The Elevator (Episode 9)

Of all the gruesome deaths in the series, Waaler’s is the most prolonged — and possibly the most deserved. The corrupt detective is on the verge of being exposed by Hole and is prepared to kill not only his colleague but everyone who stands in his way, including young Oleg (Maxime Baune Bochud), whom he’s taken hostage. Hole, Oleg and Martin Aminov (Simon J Berger), a petty gun smuggler mistakenly accused of being the serial killer, wind up in a stationary elevator stuck between two floors with an armed Waaler reaching in to grab Oleg’s hair. Hole, who’s had a fear of elevators ever since he saw his sister get her hair caught in one as a child, freezes before realizing what he needs to do: hit the “up” button while grabbing on to Waaler’s arm — which is then slowly severed as the elevator grinds back into service. Bleeding heavily, Waaler stumbles into a corridor and slowly takes his last breath as Hole, who jumped out at the floor above and ran back downstairs, watches, gun in hand. Finally, Ellen is avenged.

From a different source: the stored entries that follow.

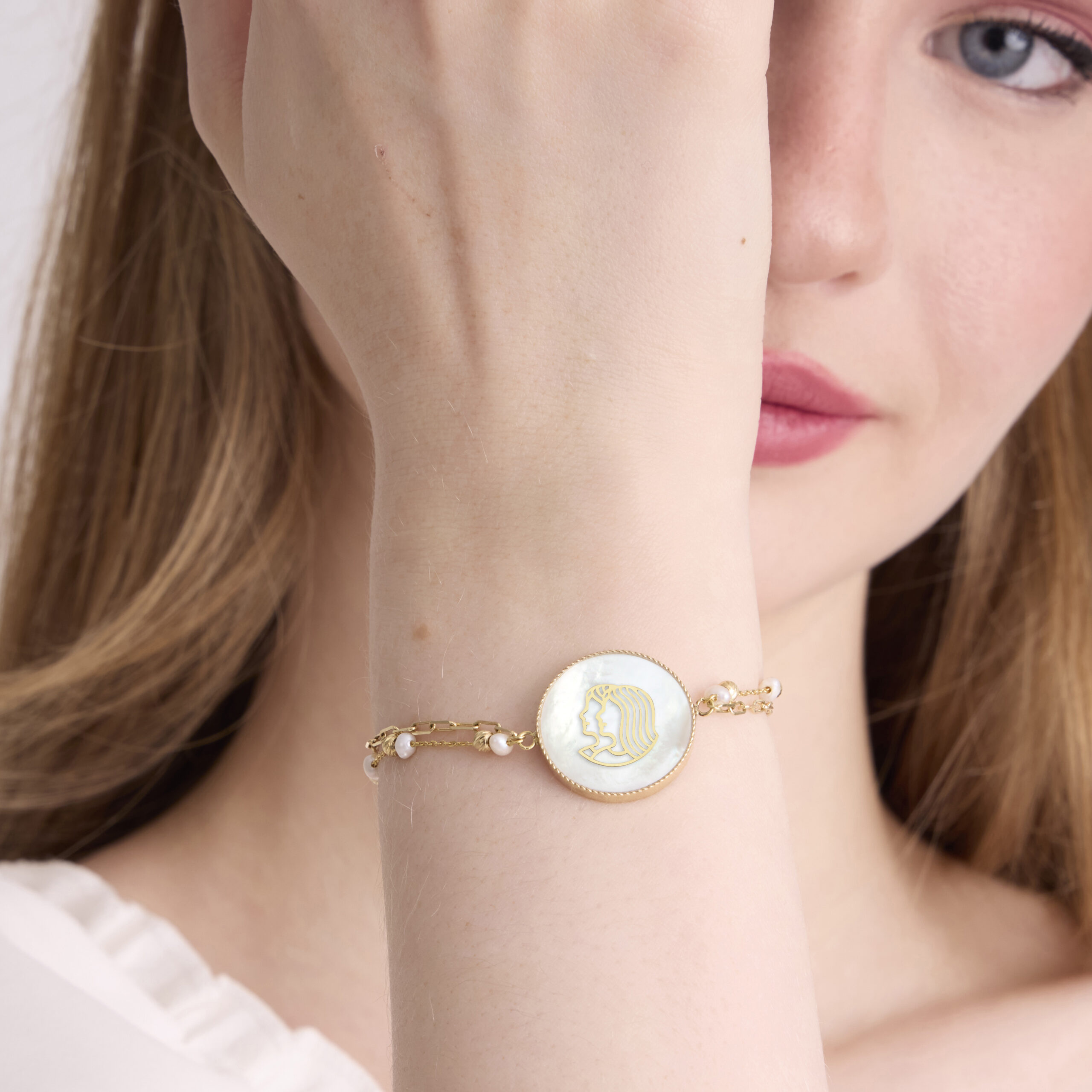 An intimate and symbolic jewel, this polished gold bracelet features a delicate mother-of-pearl disc revealing an openwork polished-gold motif representing the Gemini zodiac sign. Symbolizing communication, curiosity, and dual energy, Gemini embodies a vibrant, expressive spirit marked by adaptability and intellectual brightness. Its refined double chain, combining golden links and fine pearls, adds elegance and balance, while the mother-of-pearl softly reflects the light with every movement.
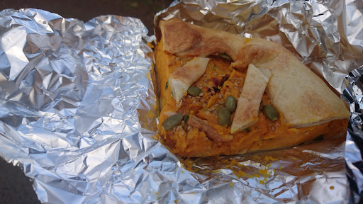 この日はカボチャのキッシュ(ホールの半分、4カット分)とフロフトブロート(ドライフルーツの入ったパン)まるっと一本を買いました。 おなかがすいていたので、キッシュは帰り道に食べてしまいましたが、 カボチャの風味はしっかり残しつつ、カボチャの種やベーコンチップなどが入っていて、食べごたえがありました。 ブロートはレーズンなどのドライフルーツに胡桃やひまわりの種が入ってました。 硬いけど、ずっしりとして食べごたえがあり、めっちゃおいしかったです。 次の日には一本完食(笑)
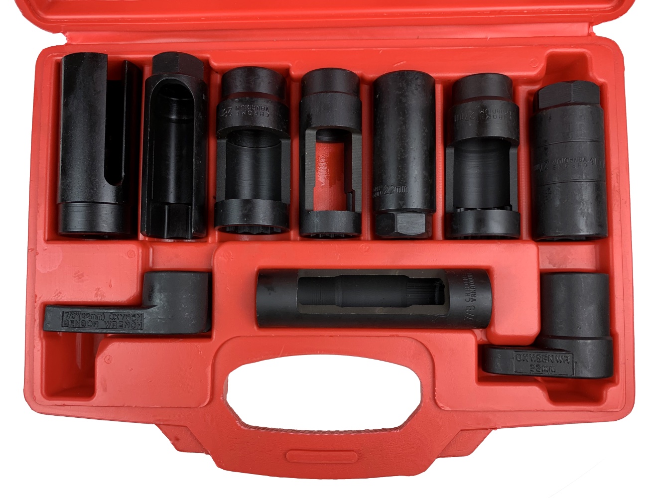 Головки вакуумного регулятора 2шт 7/8" x 3/8"Dr;Головка вакуумного регулятора 29мм x 1/2"Dr;Головка вакуумного регулятора длинная 7/8" x 1/2Dr;Головка датчика давления масла 1" и 1-1/16" x 3/8"Dr;Головка датчика кислорода 7/8" x 3/8"Dr;Головка датчика кислорода 7/8" x 1/2"Dr;Головка инжектора 7/8" x 1/2"Dr;Головка инжектора 27мм x 1/2"Dr;Головка инжектора 28мм x 1/2"Dr.
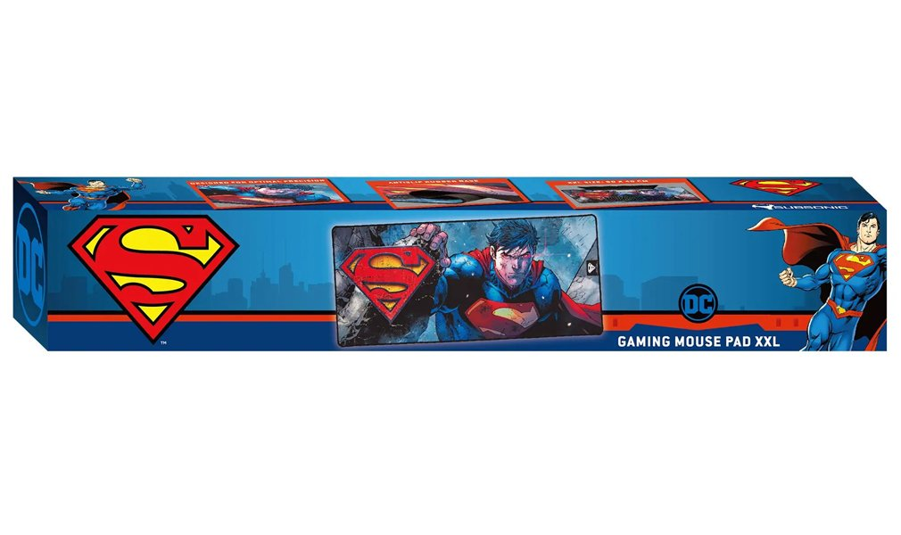 Velká podložka pod myš a klávesnici pro fanoušky DC Comics a Supermana. S přilnavým gumovým podkladem je podložka bezpečně přichycena ke stolu, kde zůstává za všech okolností.

The Clothes Airer (Episode 9)

But Tom Waaler’s is not the only shocking death in Episode 9, which also sees (final spoiler warning!) Willi Barli (Frank Kjosås) die by suicide after Hole realizes he is the Bike Courier Killer. After first threatening to kill Hole, Barli instead jumps out of his fifth-floor balcony window, where he is impaled on an outdoor rotary clothes airer stationed in the garden below. Toppled by the weight of Barli’s body, it looks like a blood-spattered pentagram from above in a shot perfectly captured by cinematographer Ronald Plante.